Recorded data:
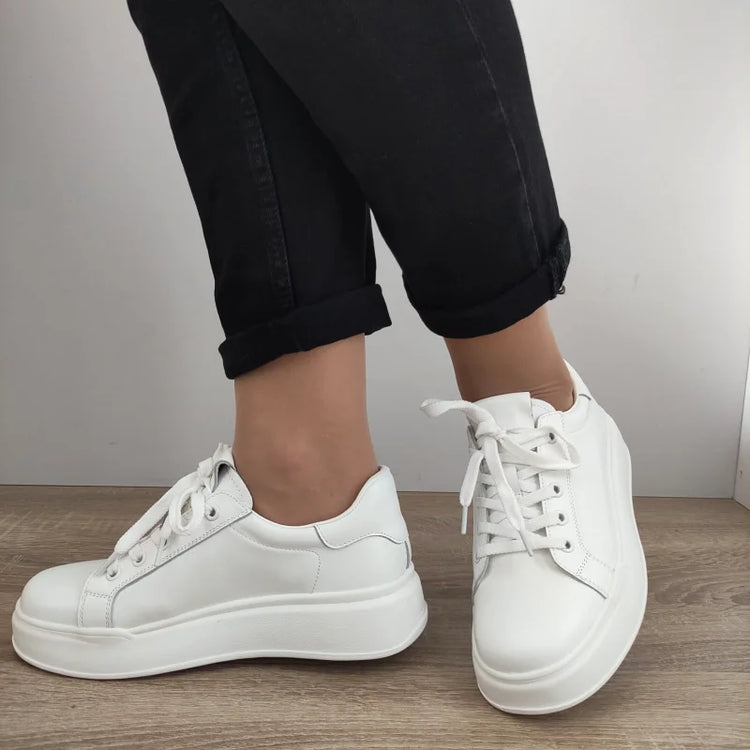Descriere: Pantofi casual pentru damă, marca Franco Gerardo, confecționați din piele naturală de culoare albă. Designul simplu și elegant îi face potriviți pentru orice ținută casual, oferind atât confort, cât și un aspect modern. Sistemul de închidere cu șireturi permite ajustarea perfectă pe picior, iar talpa de 3.5 cm oferă un plus de înălțime și stabilitate.
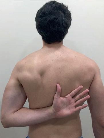 Typically, we would explore internal rotation by asking the patient to try and reach as up in the spinal column as possible (Fig. 3.6a); in this maneuver, we reach the maximum internal rotation although it also depends on the elbow, wrist,
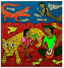 Bangladesh: Alphana, Potchitra, Nakshi Katha are the common and popular form of motif application in Bangladesh. Alpana explain itself as a colorful motifs applied as the form of holy art in Bangladesh like Puja, wedding or special community events (Figure 8). Potchitra is the symbolic form of folk tales as well as religious tales like Jatok story, the love affair of Ramayana, Krishna, Beulah, story of Mohorrom, myth of Lakhindar, Sonai Madhob etc (Figure 9). Nakshi Katha is a form of embroidery quilt where materials are thread, needle and double layer of cloths (Figure 10). Decorative motifs on Nakshi Katha illustrate narrative and abstract thoughts.15 Apart from this three type of media, motif also applied in pottery, sculptor, wall painting, furniture etc.

Task description:
Copy out all of the data word for word. Do not carry over any picture.

Response to this task:
Descriere: Pantofi casual pentru damă, marca Franco Gerardo, confecționați din piele naturală de culoare albă. Designul simplu și elegant îi face potriviți pentru orice ținută casual, oferind atât confort, cât și un aspect modern. Sistemul de închidere cu șireturi permite ajustarea perfectă pe picior, iar talpa de 3.5 cm oferă un plus de înălțime și stabilitate.
 Typically, we would explore internal rotation by asking the patient to try and reach as up in the spinal column as possible (Fig. 3.6a); in this maneuver, we reach the maximum internal rotation although it also depends on the elbow, wrist,
 Bangladesh: Alphana, Potchitra, Nakshi Katha are the common and popular form of motif application in Bangladesh. Alpana explain itself as a colorful motifs applied as the form of holy art in Bangladesh like Puja, wedding or special community events (Figure 8). Potchitra is the symbolic form of folk tales as well as religious tales like Jatok story, the love affair of Ramayana, Krishna, Beulah, story of Mohorrom, myth of Lakhindar, Sonai Madhob etc (Figure 9). Nakshi Katha is a form of embroidery quilt where materials are thread, needle and double layer of cloths (Figure 10). Decorative motifs on Nakshi Katha illustrate narrative and abstract thoughts.15 Apart from this three type of media, motif also applied in pottery, sculptor, wall painting, furniture etc.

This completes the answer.